From: Ivan Herman <ivan@w3.org>
Date: Thu, 10 Jun 2021 15:29:55 +0200
To: "Peter F. Patel-Schneider" <pfpschneider@gmail.com>
Cc: semantic-web@w3.org
Message-Id: <A39B70F8-3186-4B24-AE76-264F5B63988E@w3.org>

> On 10 Jun 2021, at 14:49, Peter F. Patel-Schneider <pfpschneider@gmail.com> wrote:
> 
> On 6/10/21 8:04 AM, Ivan Herman wrote:
> 
>> 
>>> On 10 Jun 2021, at 13:55, Peter F. Patel-Schneider <pfpschneider@gmail.com <mailto:pfpschneider@gmail.com>> wrote:
>>> 
>>> 
>>> How does "consistency" fit into this?  Every RDF graph (or datastore) is consistent.
>> 
>> I am sorry, wrong choice of words.
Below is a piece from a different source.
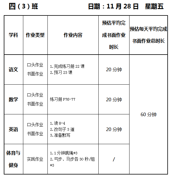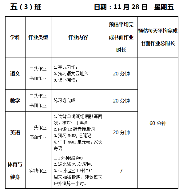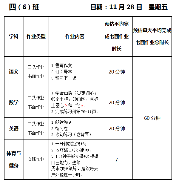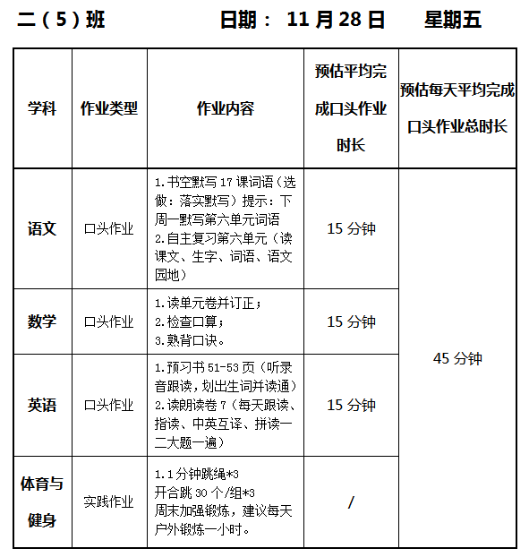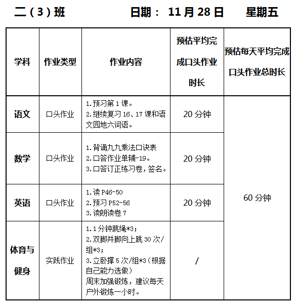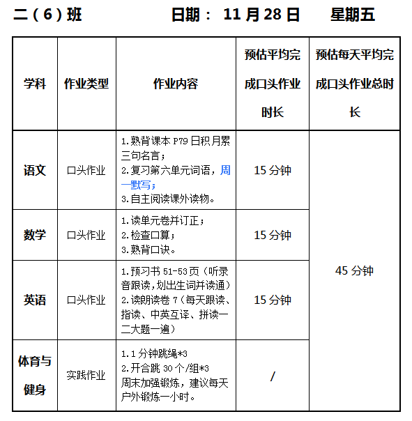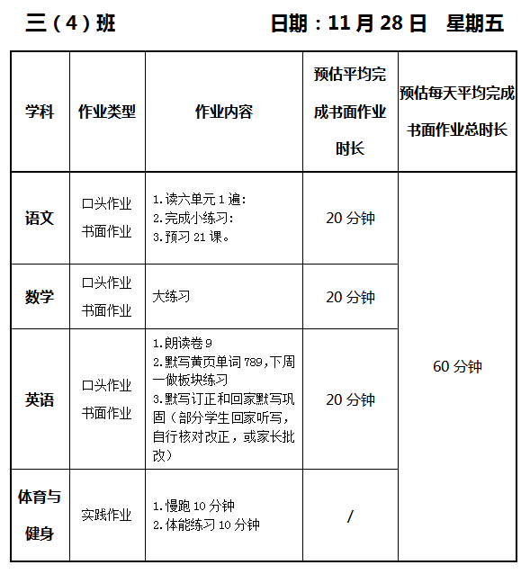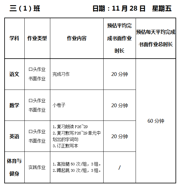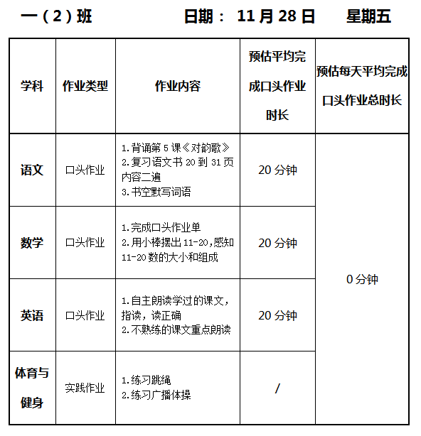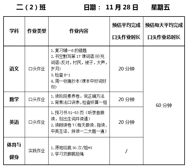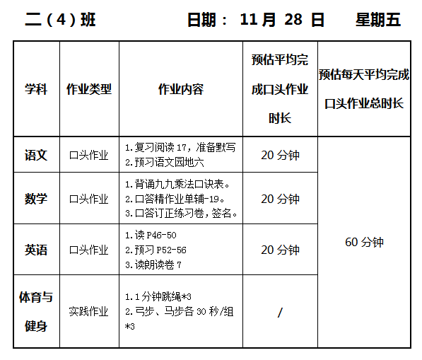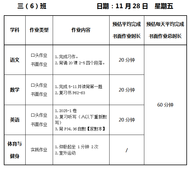 【作业公示】2025学年第一学期南翔小学作业公示(11月28日)

If you want to check that the graph you retrieve from the data store has not been tampered with; e.g., by checking its hash.
>> 
>> An analogy is a number of open source sites where one can download an application and check the hash value of the downloaded package against the hash of the application announced somewhere.
>> 
>> Ivan
>> 
> It appears that the task here is for a sender to package up an RDF graph (or dataset) and send it to one or more receivers with the guarantee that the graph (or datatset) that the receivers produce is isomorphic to the original graph (or dataset).
> 
> The sender (open source site in your analogy) prepares a document that serializes this graph (or dataset).  This document is in some format where deserialization results in isomorphic graphs  (where execution of the code does the same thing on all computers).  The sender also provides a hash of the document.   Receivers download the document and the hash and check that the downloaded document matches the hash.   At some later date, receivers deserialize the document (run the code).

I think the situation I am referring to is different (and the analogy with the source code breaks down) insofar as the term 'sender' and 'receiver' is not really the good pair of terms.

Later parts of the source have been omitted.